* **Task to complete**:
From the first line of the listing below, retype each line up to and including the one with "mit Umschriften angedeutet."; pictures stay out.

- - - - -

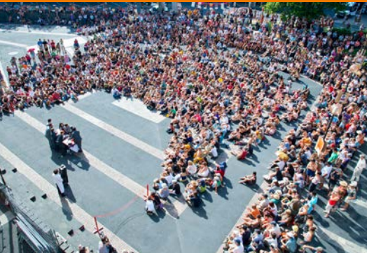
Festival International de Théâtre de Rue d'Aurillac Aurillac's International Street Festival
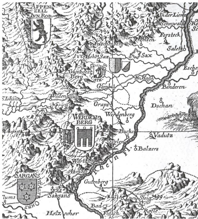
Auf der «Nova Helvetiae tabula geographica» (Johann Jakob Scheuchzer, 1712) sind die unterschiedlichen Herrschaftsverhältnisse mit den beigefügten Wappen der Obrigkeiten oder mit Umschriften angedeutet.

Wartau sowie die Archive der Orts- und Kirchgemeinden der Region Werdenberg und das Kulturarchiv Werdenberg zu besuchen und auszuwerten. Ebenfalls berücksichtigt werden müssen die Ortsarchive der Nachbarregionen Liechtenstein, Toggenburg, Rheintal und Sarganserland, wobei zu diesen zum Teil bereits Erschliessungsarbeiten aus früheren Rechtsquellen- und anderen Editionsprojekten vorliegen. Wertvolle Synergien im Bereich der Recherche ergeben sich zweifellos aus einer engen Zusammenarbeit mit den Bearbeitenden des im Juni 2011 begonnenen, auf sechs Jahre angelegten Projektes Kunstdenkmäler Werdenberg. 5 Zudem beherbergen zahlreiche auswärtige Archive Materialien, die es zu sichten gilt, so die Staats- und Landesarchive Aargau, Luzern, Graubünden, St.Gallen, Schwyz, Zürich, Appenzell, Glarus, Thurgau und Liechtenstein, ebenfalls die Diözesanarchive Chur und St.Gallen, die Stadtarchive Feldkirch und Lindau sowie das Vorarlberger und das Tiroler Landesarchiv. Somit umfasst das Untersuchungsgebiet mindestens 40 öffentliche Archive, und zweifellos wird im Lauf der Arbeit der eine oder andere interessante private Bestand zum Vorschein kommen. Pascale Sutter ist jedenfalls
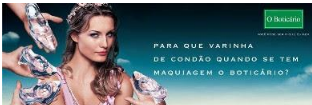
Figura 16 – Cinderela – O Boticário

O plano de fundo azul retoma o sentido de céu, de lugar tranquilo e sereno, bem como as imagens de nuvens brancas. Os sapatos sobre algumas mãos apontadas em direção à princesa, como se fossem mãos masculinas, reforçam a ideia de sedução e de poder, pois se subentende que ela não possui apenas um príncipe a sua disposição, querendo lhe conquistar, mas, sim, vários candidatos a príncipes. Dona de si e independente, é ela quem traça suas metas e escolhe seus parceiros.
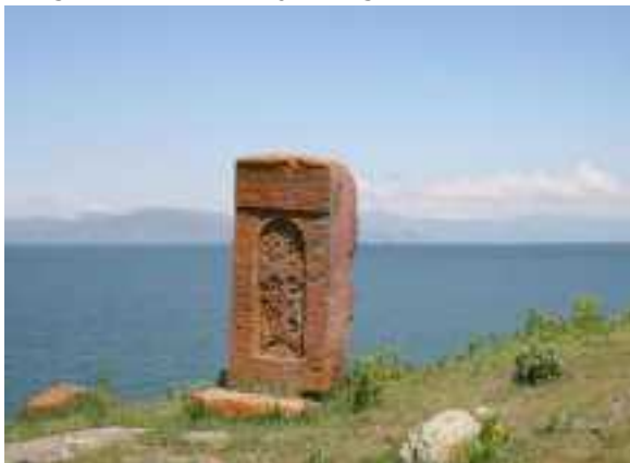
Chatsjkar aan het Sevan-meer

In Maastricht is op 15 mei 2016 een Armeense chatsjkar geschonken aan de stad door de Armeense gemeenschap van Maastricht, als dank voor het behoud van het religieuze en culturele erfgoed rond de heilige St. Servatius: hij werd geboren in Armenië.
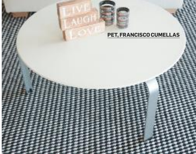
PET, FRANCISCO CUMELLAS
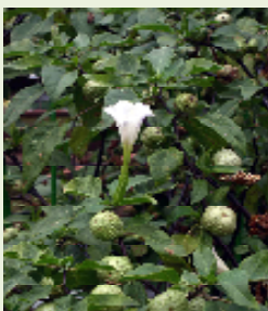
チョウセン アサガオの 葉と花
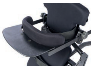
Bandeja para opción móvil

- - - - -

* **Expected answer**:
Festival International de Théâtre de Rue d'Aurillac Aurillac's International Street Festival
Auf der «Nova Helvetiae tabula geographica» (Johann Jakob Scheuchzer, 1712) sind die unterschiedlichen Herrschaftsverhältnisse mit den beigefügten Wappen der Obrigkeiten oder mit Umschriften angedeutet.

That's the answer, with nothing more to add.